So, it’s been a bit since I’ve posted here because I’ve been mentally and physically unable to reply to your posts or reach out and help anyone, and the few people I have managed to reach out to, well… It’s not gone too well. I already feel like the worst person in the world for that - what kind of person doesn’t help someone in need?
The last few weeks have been so difficult. It’s almost worse than the first 30 days I had free from pills, which, anyone that has found recovery from any type of addiction, will know, those first days are a living hell.
I am constantly exhausted to the point my entire body physically hurts all the time… People suggest hot baths for the pain… Makes sense right? Only, I don’t have the energy to even get up, let alone run a bath. I’m not eating because I’m either not hungry or just don’t really care for it. I mean, it’s not all bad, it’ll help me lose a bit the weight I need to lose. It’s been a long while since I’ve been emotionally exhausted to this extent, and I really don’t know how to help myself back out of it.
If I’m not wanting to get high, self harm or kill myself, I’m wanting to sleep.
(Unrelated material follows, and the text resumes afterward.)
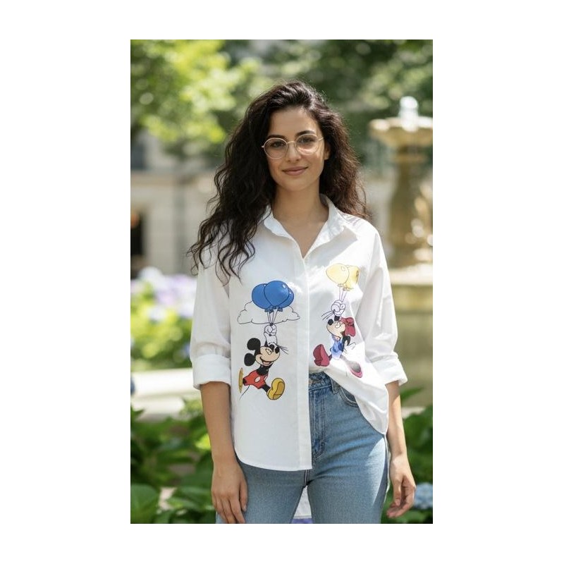 Questa allegra camicia bianca cattura l'essenza della nostalgia e del divertimento con le sue stampe vivaci. Realizzata in un tessuto leggero e traspirante, offre comfort e stile per tutto il giorno. Il design presenta un classico colletto e una chiusura con bottoni sul davanti, mentre le maniche lunghe possono essere comodamente arrotolate per adattarsi a diverse occasioni e temperature. Le protagoniste sono le adorabili figure di Mickey Mouse e Minnie Mouse, raffigurate mentre fluttuano con palloncini colorati, aggiungendo un tocco giocoso e unico. Ideale per un look casual-chic, questa camicia è perfetta per chi ama esprimere la propria personalità con un tocco Disney.

I’ve fallen back into the addiction of self harm, I am cutting pretty much every other day and I really don’t know if I am in a position where I can stop. I’m back at the point of hearing those voices in my head trying to encourage me to do anything I can to have get a break.
I got pulled up at work about the fact I’m horrendously under performing, now for me that’s massive because I’ve been at my job for 4 years and have always been one of the top 3 employees on my department… Because of all of this going on, I’m now not even meeting the required targets… The following day I phoned into work sick, lying about the reason because I didn’t want to admit it was my depression and now could potentially be in some trouble (I wouldn’t lose my job just yet).
I don’t know what to do anymore, I feel like I’m back where I was right at the start when I was heading into my first relapse. I treat the people I care about like crap when all they want to do is help. I know recovery doesn’t take breaks - it’s a constant battle every damn day… but I don’t know how much longer I can stand being on the battlefield. Do I even deserve to still be alive?
If anyone can give any advice at all… Please. I’m trying to hold on, but it’s getting harder each day.